Err, I had misread our code initially, and Florian correctly pointed out that we call frame request callbacks before layout:

  https://searchfox.org/mozilla-central/rev/c56f656febb1aa58c72b218699e24a76425bd284/layout/base/nsRefreshDriver.cpp#1902

But that conversation was interesting, here's a bit more context about what's the point and requirements of these functions:

  https://mozilla.logbot.info/fx-team/20180201#c14226498
The rest of bug 1424823 comment 10 for context:

Basically we want to avoid synchronous reflows. So, my understanding is that whenever we need to call .getBoundingClientRect() we have to do it in the promiseLayoutFlushed("layout") callback. I think the "style" case exists for when we need to call .getComputedStyle(). I'm not sure what the "display" case is about.
Just summarizing a long discussion in #fx-team[1] here:

Ultimately, it sounds like what we want here is a way for BrowserUtils to know that a refresh driver tick resulting in either a style or layout flush is:

1) Coming up because the DOM has been dirtied
2) If (1) is true, we need to know when that flush (either style OR layout) has completed.

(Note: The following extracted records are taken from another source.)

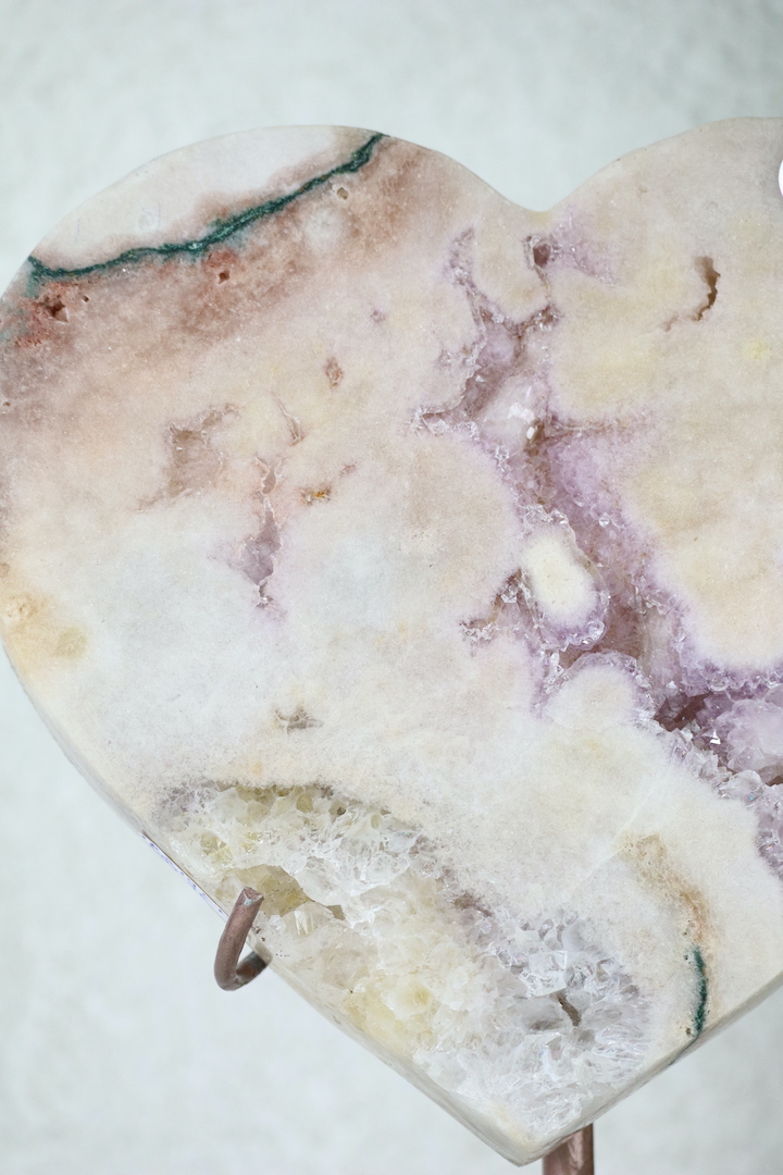 Het Chalcedoon met Amethist Hart op Standaard is een ideale metgezel voor iedereen die zijn hartchakra wil openen, emoties wil balanceren en spirituele bescherming zoekt. De combinatie van deze twee krachtige kristallen maakt dit hart een waardevolle aanvulling voor je spirituele praktijk en een mooie toevoeging aan je interieur. 🌸✨
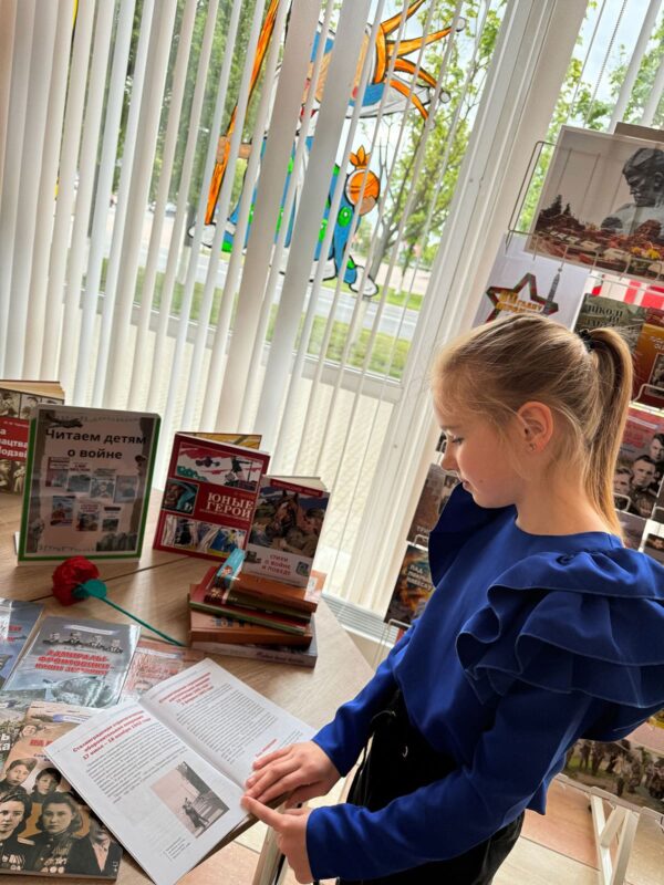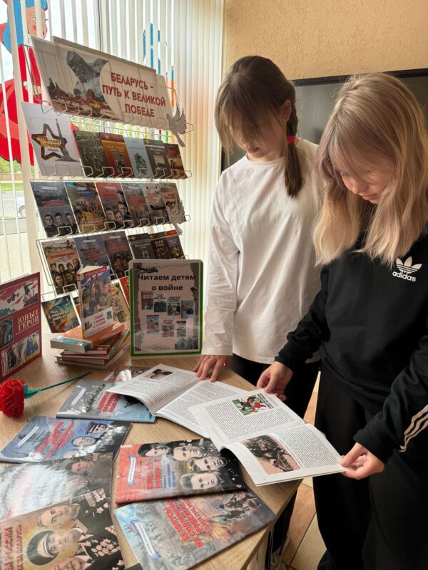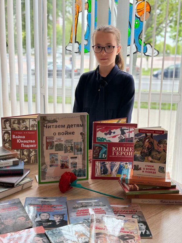 К акции была оформлена книжная выставка «Беларусь — путь к Великой Победе», на которой были представлены произведения о войне, о Победе, о детях войны. В завершении акции ребята с большим интересом познакомились с книгами о войне.
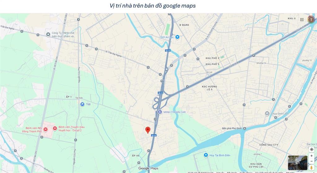 * Lô đất tọa lạc trên con đường hiện hữu 8m, quy hoạch mở rộng lên 12m, thông thẳng ra đường Lê Khả Phiêu (QL1A) và cách đại lộ Võ Văn Kiệt chỉ vài phút di chuyển. Vị trí này không chỉ thuận lợi cho việc đi lại mà còn nằm ngay khu vực Bình Chánh đang phát triển sôi động.
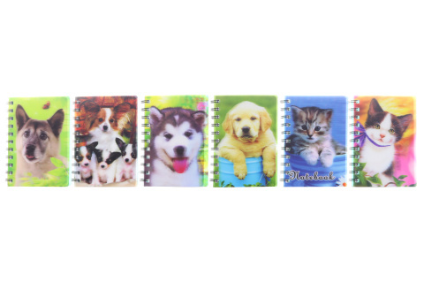Kroužkový blok s motivem pejsků a kočiček. Rozměry cca 10,5 x 14,5 cm. Uvnitř řádkované listy s bílým okrajem. Výrobek není hračka. prečítať celé

I think this would give us what we need to be sure that the DOM is safe to query layout/style information from.

[1]: https://mozilla.logbot.info/fx-team/20180201
Relevant bug that smaug filed back in the day with some interesting commentary: https://www.w3.org/Bugs/Public/show_bug.cgi?id=28644

Apparently, smaug is looking for some help in convincing folks that this is a web API worth standardizing and shipping.

Also interesting is this PresShell method: https://searchfox.org/mozilla-central/rev/f41017f5cd7b5f3835d282fbe011d2899574fc2b/layout/base/PresShell.cpp#9373

which might give us half of what we want here.
Hey dbaron,

Would you be opposed to someone exposing a new mechanism on nsIDOMWindowUtils (or anywhere available to privileged script, really) that takes a JS callback, registers a nsAPostRefreshObserver on the associated PresShell[1], then in the observer's DidRefresh, has the observer deregister itself and fire the callback?

Also, supposing the above is acceptable, are there any RAII primitives lying around that we could use to prevent DOM writes while the JS callback is executing?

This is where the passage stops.